Then, there is the incomparable variety in nature: from the steaming-hot Caribbean lowlands to the Pacific cloud forests, from active volcanoes down to the flat and dry northwestern province of Guanacaste and the dream beaches along the Pacific, Costa Rica offers it all.
But the very best part is what most people in a car would hate: the bad road conditions and the numerous unpaved highways and gravel trails. When people ask me how the ride is along the northern Pacific coast from Tamarindo to Samara and onto Malpaís, I usually reply, “It's torture in a car, but it's paradise on a motorcycle.”

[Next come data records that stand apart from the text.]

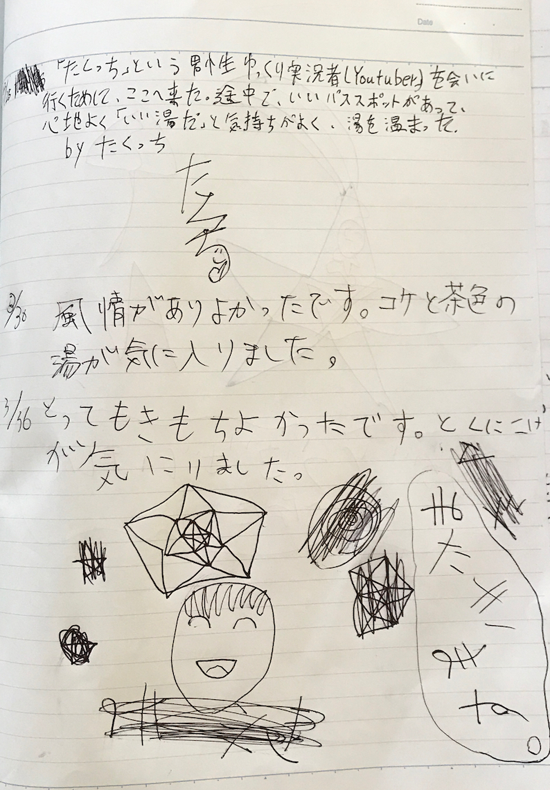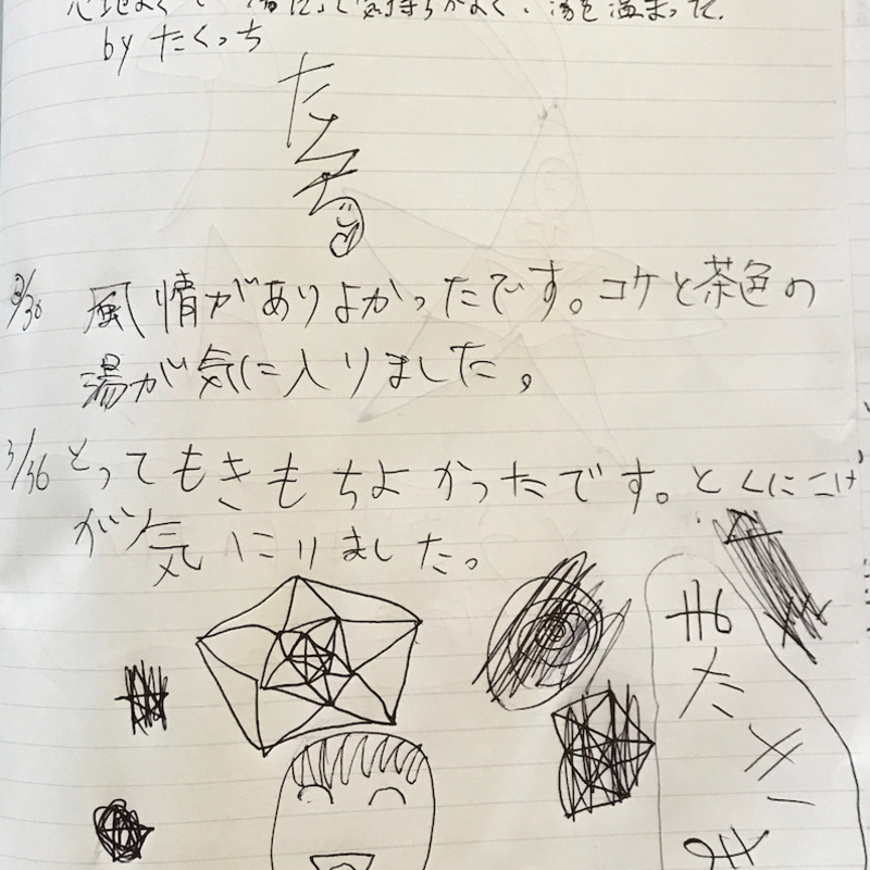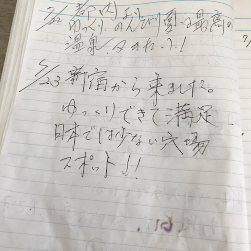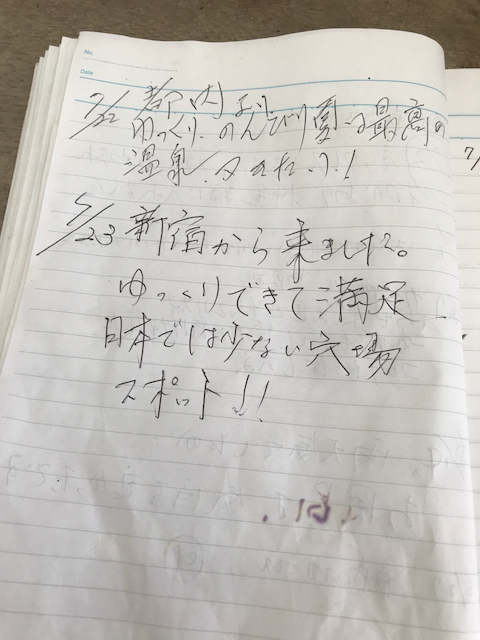 共同浴場には2年前より自由帳をおいています。来場されるたくさんの方に色々書き込みをしていただいておりコメントに一喜一憂しています。
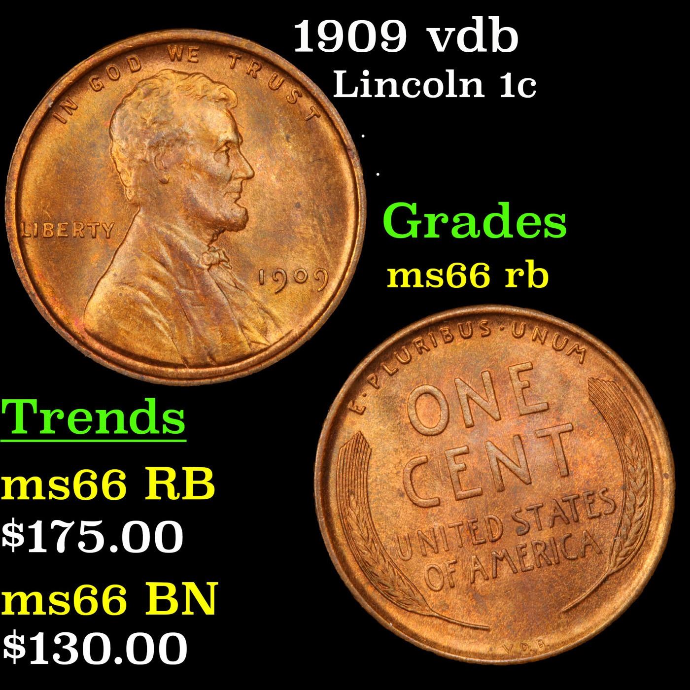 1909 vdb Lincoln Cent 1c Grades GEM+ Unc RB. Always sought after date. Always popular.
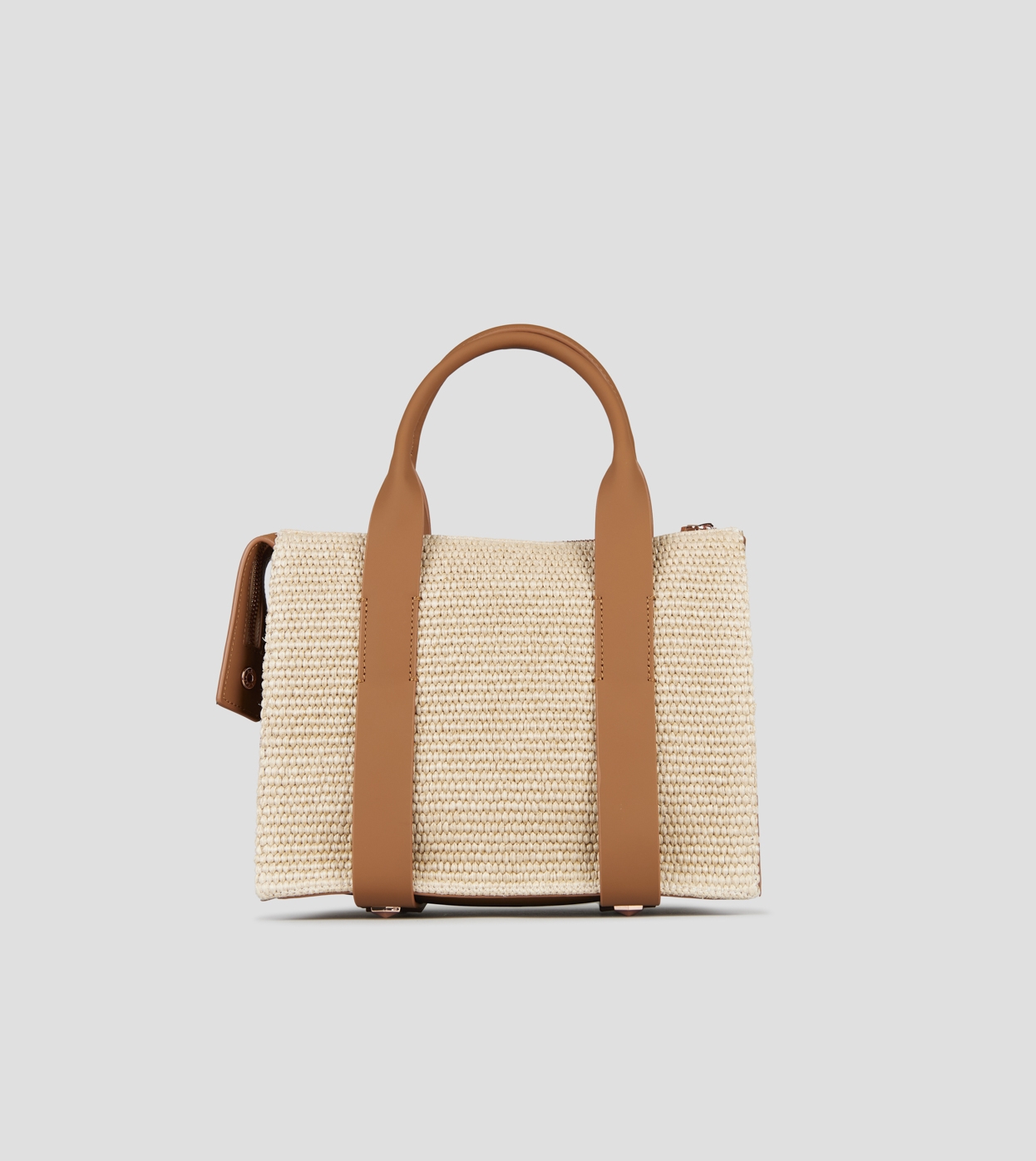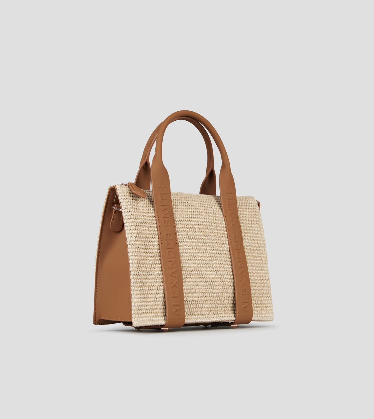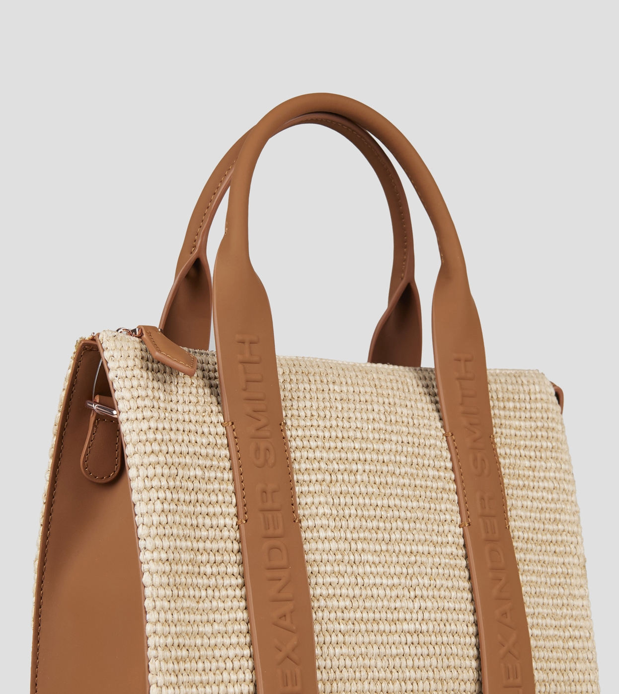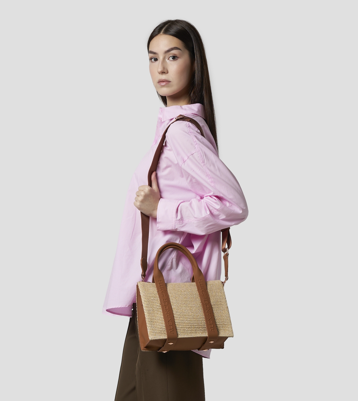 Jane Small handbag with shoulder strap in beige rafia and brown handle
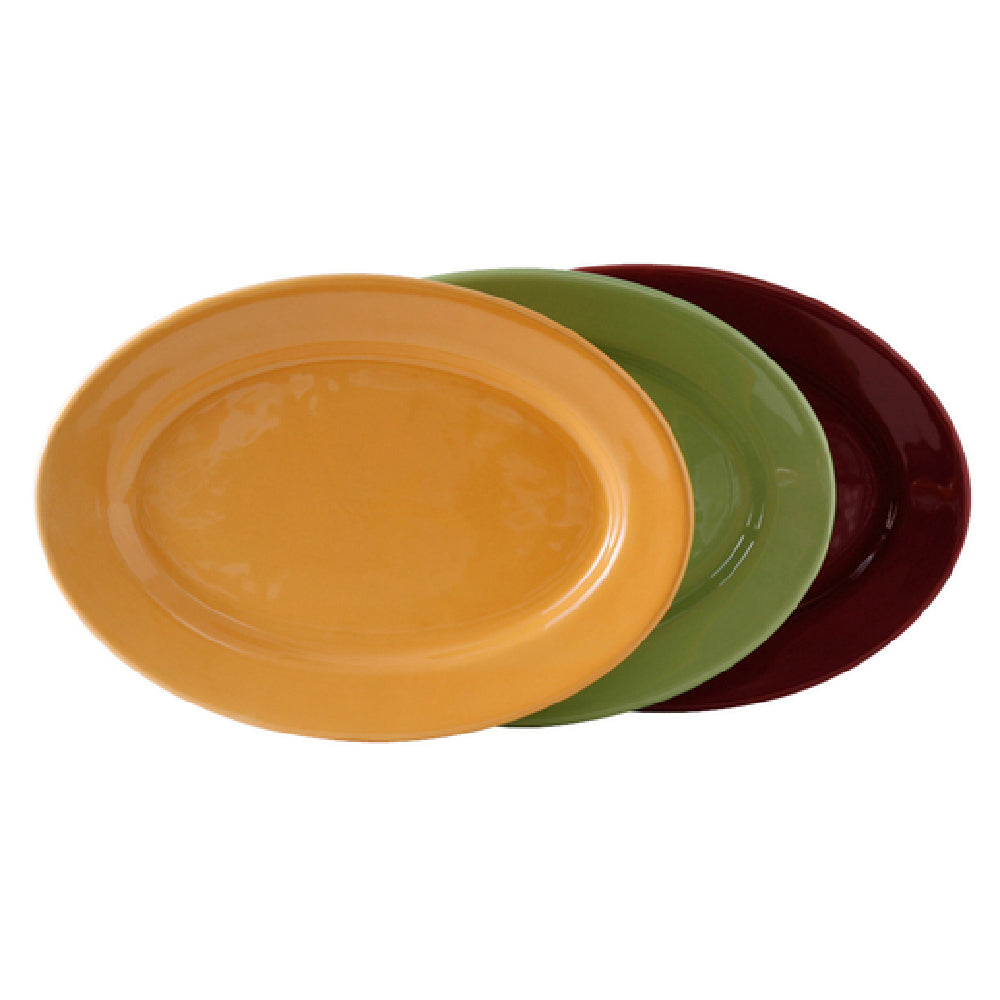 The Tuxton DYH-140 Platter 14-1/8" X 10-1/4" X 1-1/2" H Oval is a meticulously crafted piece that combines functionality with elegance, designed for versatility in various dining environments. This platter features a wide rim that not only adds a touch of sophistication but also ensures easy handling and serving. As a fully vitrified ceramic item, it boasts exceptional durability, being lead-free and safe for use in both microwave and dishwasher, making it a practical choice for busy kitchens. Additionally, its oven-proof nature broadens its utility, catering to a range of culinary applications. The DuraTux® technology guarantees a resilient surface, resistant to chipping and thermal shock, ideal for heavy-duty use in commercial settings. Available in an array of colors – Butterscotch, Pistachio, Cranberry – the platter provides aesthetic versatility, allowing establishments to enhance their table settings with a pop of color. Each dozen is packed with four platters of each color, supporting diverse presentation styles. The Tuxton DYH-140 Platter is an exemplary choice for hotels, restaurants, and catering services seeking reliable and stylish serveware that meets the high demands of the foodservice industry.
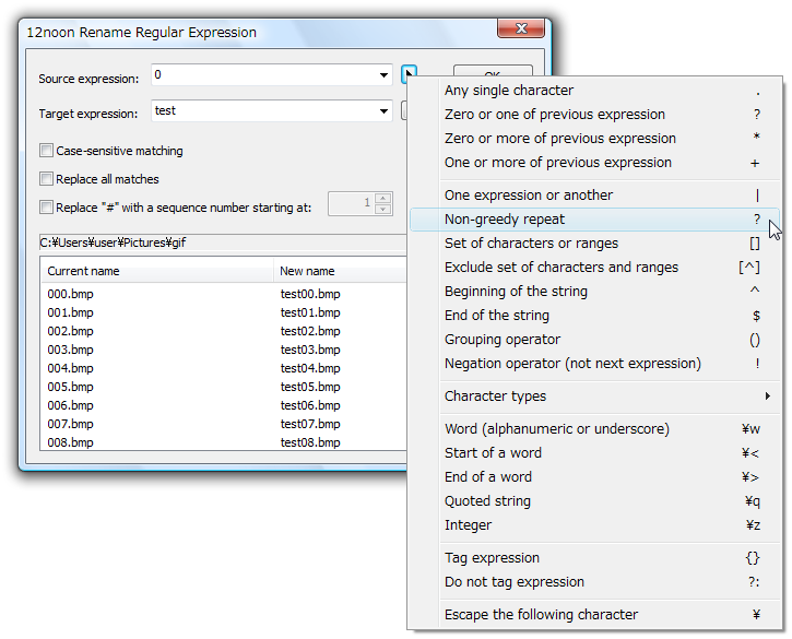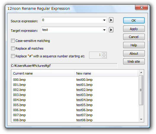 もちろん、正規表現を使わずに、普通の置換を利用したリネームソフトとしても

The same is true for many other routes, such as the rocky road to Monteverde National Park in north-central Costa Rica, the climb to Guanacaste's Rincón de la Vieja Volcano and even the stretch between Quepos and Dominical on the central-to-southern Pacific coast, which can be great fun on a dual-sport bike (and will reduce traveling time from about two and a half hours to somewhere close to an hour). The large-suspension travel of these bikes absorbs most of the uneven surface, and having only two wheels in line (as opposed to four wheels on two axles) makes it easy to get around the numerous potholes.
Finally, there are an endless number of trails you could not travel in even the best four-by-four, simply because they are too narrow for a car or there are too many big rocks in the way, such as on the ride along the south shore of north-central Costa Rica's Arenal Lake or the direct route from Arenal to Monteverde, which otherwise can only be done on foot or horseback.